In applications the vectors n[i], i=1,2,...,N can be arbitrary except that they are of unit length, that is they all lie on the surface of the sphere of unit radius, and they add to zero vector: n[1] + n[2] +...+ n[N] = 0 - so they are balance each other in such a way that their common center of gravity is at the center of the sphere.
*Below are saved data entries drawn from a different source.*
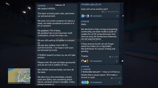 Хакеры готовы слить всю информацию украденную у NVIDIA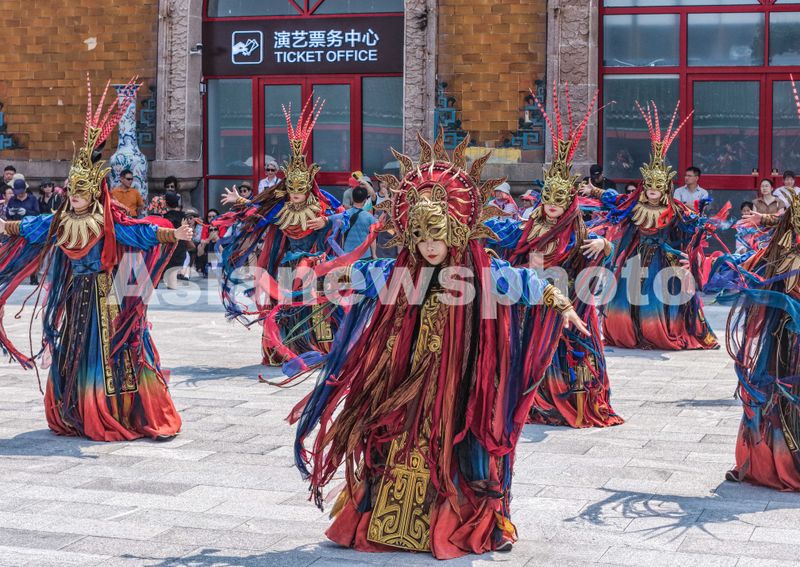 2025年7月6日,韩国游客在山东省荣成市成山头风景区观看大型古装实景演艺《东寻·成山赋》。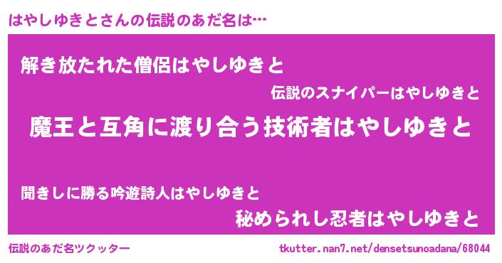 | 男性向けラノベタイトル風あだ名 | 『ノーゲーム・ノーハヤシユキト』 |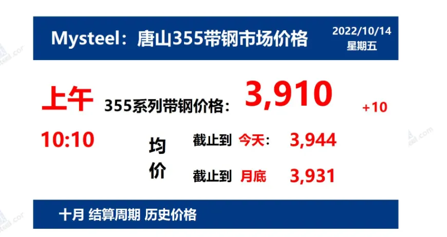 2022年10月14日,上午10:10, 唐山355系列带钢市场价格 3910元/吨,较昨涨10元/吨;本月结算周期,截止到今天均价:3944元/吨,截止到月底:3931元/吨。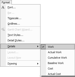 By default, the timeline pane describes Work (total person-hours) for each task. Add another Detail field by right-clicking any cell in the Details column, or by clicking Format Ø Details on the menu and then choosing another field.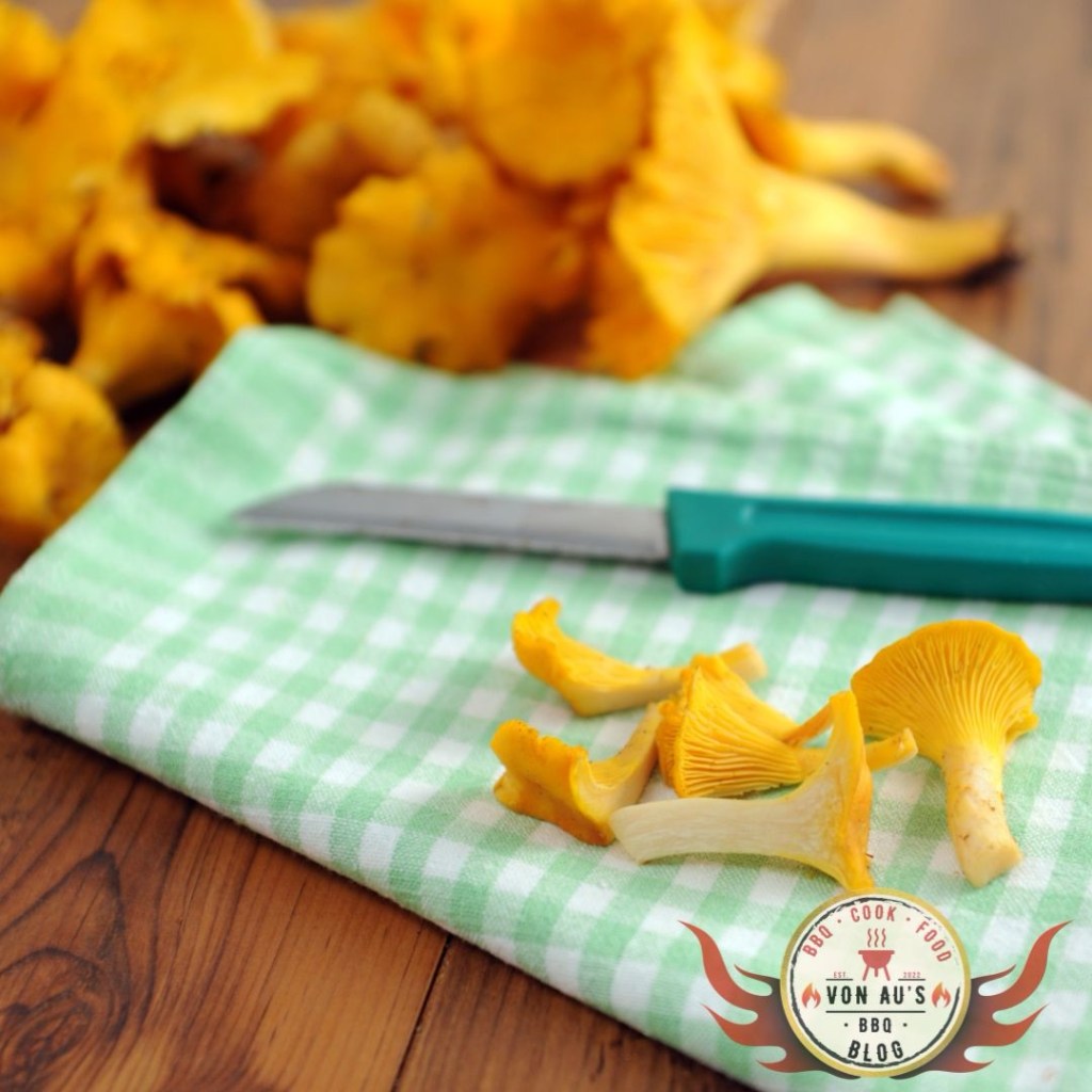 Pfifferlinge haben eine feste Struktur, sind aber dennoch empfindlich. Sie brauchen etwas mehr Aufmerksamkeit beim Putzen, sonst knirscht es später beim Essen zwischen den Zähnen – und das ist wirklich das Letzte, was man beim BBQ erleben möchte.

The algorithm describes a sequence of maps of the sphere. These maps are applied, sequentially, to a randomly chosen starting point. Thus what we get is a point on the sphere jumping in a somewhat chaotic way on the surface of the sphere. After 100 000 jumps or so a pattern appear. This pattern is independent of the starting point, as it is usual in chaotic dynamics with an attractor. What we see is an approximation of the attractor set. For instance, for a particular value of the fuzziness parameter alpha = 0.65, and the dodecahedron, we get the following images for 10 000,100 000, 1000 000 and 10 000 000 respectively:

There are two separate problems when creating these fractal images, namely that of generating data, and of rendering the generated date into an image.
Let us first discuss the data generating algorithm. This problem itself can be separated into two: a) generating the sequence of points on the sphere, and b) storing these data into an array. Storing the coordinates of all generated points is not a good idea, as it takes lot of space. For instance, if we use 2 bytes for a floating point number, then the picture on the left would require storing space of 600 MB of RAM (storing the data on the disk would essentially slow down the generation process). Therefore we create a double array d[i,j] of integers by dividing the unit square into JxJ "pixels", initialize it to 0 (or to 1), and with each generated point r = (x,y,z) on the unit sphere we increase d[i,j] by 1 if the (x,y) coordinates of the point are within (i,j) pixel. So, for instance, the image on the left was created using 400x400 array, and the highest occupation "pixel" got 8029 "hits". (In fact, we are using two arrays: one for z negative, and one for z positive. So the pictures here are obtained by "looking at the sphere from above" - thus using only z-positive data.).

Given a point r the algorithm first computes probabilities p(i,r) of sum 1: p(1,r)+p(2,r)+...+p(N,r) = 1 with which we select the map that is to be applied to r. The formula, explained in more details in the paper, reads:

p(i,r) = (1 + alpha2 + 2 alpha n[i].r )/( N( 1 + alpha2 ))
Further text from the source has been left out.